Retrieve from a Server
Retrieve the key from a server backend using an API call and your tooling of choice. The key may be retrievable depending on the backend configuration.
Store the Key in Identity Vault
Secure the encryption key on-device using Ionic Identity Vault. It's recommended to create a Service that encapsulates all key storage logic.
Begin by injecting the KeyService
created above and creating a key
that represents the encryption key to be stored in IV.
Angular
import { Injectable } from '@angular/core';
import { AuthMode, IonicIdentityVaultUser, IonicNativeAuthPlugin, DefaultSession} from '@ionic-enterprise/identity-vault';
import { Platform } from '@ionic/angular';
import { KeyService } from './key.service';
@Injectable({
providedIn: 'root'
})
export class IdentityService extends IonicIdentityVaultUser<DefaultSession> {
private key = 'encryption-key';
constructor(public platform: Platform, private keyService: KeyService) {
// Identity Vault configuration will vary; see IV docs
super(platform, {
restoreSessionOnReady: false,
unlockOnReady: false,
// Automatically trigger Face Id
unlockOnAccess: true,
lockAfter: 1000,
hideScreenOnBackground: true,
authMode: AuthMode.BiometricAndPasscode
});
}
Next, create a generic function that stores values in Identity Vault.

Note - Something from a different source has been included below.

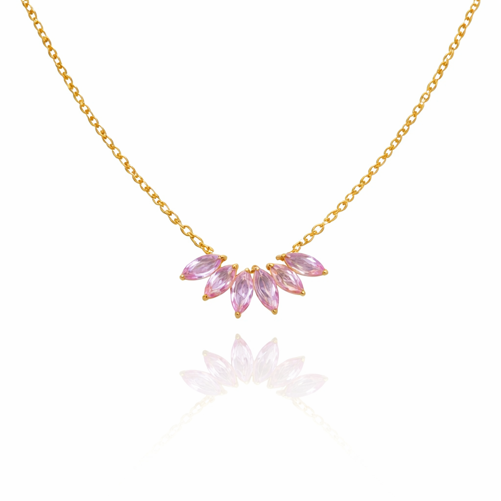 Pink Marque Cluster Necklace Delicate marquise-cut pink stones cluster together in this refined pendant, creating dimensional depth and light-catching brilliance. Suspended from a graceful chain, the design balances understated elegance with striking visual impact—ideal for layering or wearing as a standalone statement piece. Crafted with premium metalwork and gemstone accents, this necklace transitions seamlessly from day to evening wear, offering versatile sophistication for the discerning collector.

private async set(value: string): Promise<void> {
const vault = await this.getVault();
vault.storeValue(this.key, value);
}
Next, create a function to retrieve the encryption key from on-device storage. If the key was previously stored in Identity Vault, return it. Otherwise,
use the KeyService
to obtain an encryption key, then save it into Identity Vault using the set
function.
async getEncryptionKey(): Promise<string> {
const vault = await this.getVault();
let dbKey = await vault.getValue(this.key);
if (!dbKey) {
dbKey = await this.keyService.get();
this.set(dbKey);
}
return dbKey;
}
React, Vue, Vanilla JavaScript
Coming soon!
Configure Ionic Secure Storage with the Encryption Key
Configure Secure Storage with the newly generated encryption key. It's recommended to create a Service that encapsulates all storage logic.
Begin by injecting the IdentityService
created above then call an initialization function in the constructor. Within the init function,
obtain the encryption key from the IdentityService
, then set it to the key
property in a call to sqlite.create()
.
Angular
import { Injectable } from '@angular/core';
import { SQLite, SQLiteObject } from '@ionic-enterprise/secure-storage/ngx';
import { IdentityService } from './identity.service';
@Injectable({
providedIn: 'root'
})
export class StorageService {
private _database: SQLiteObject | null = null;
constructor(private sqlite: SQLite, private identityService: IdentityService) {
this.init();
}
async init() {
// Obtain encryption key
const encryptionKey = await this.identityService.getEncryptionKey();
// Create the ionifits database
try {
this._database = await this.sqlite.create({
name: "my_database.db",
location: "default",
// Key used to encrypt the database
key: encryptionKey
});
// Create database tables, other setup tasks, etc.
} catch (e) {
console.error('Unable to initialize database', e);
}
}
}
React, Vue, Vanilla JavaScript
Coming soon!
Now that Secure Storage has been configured with an encryption key, all data will be encrypted at-rest.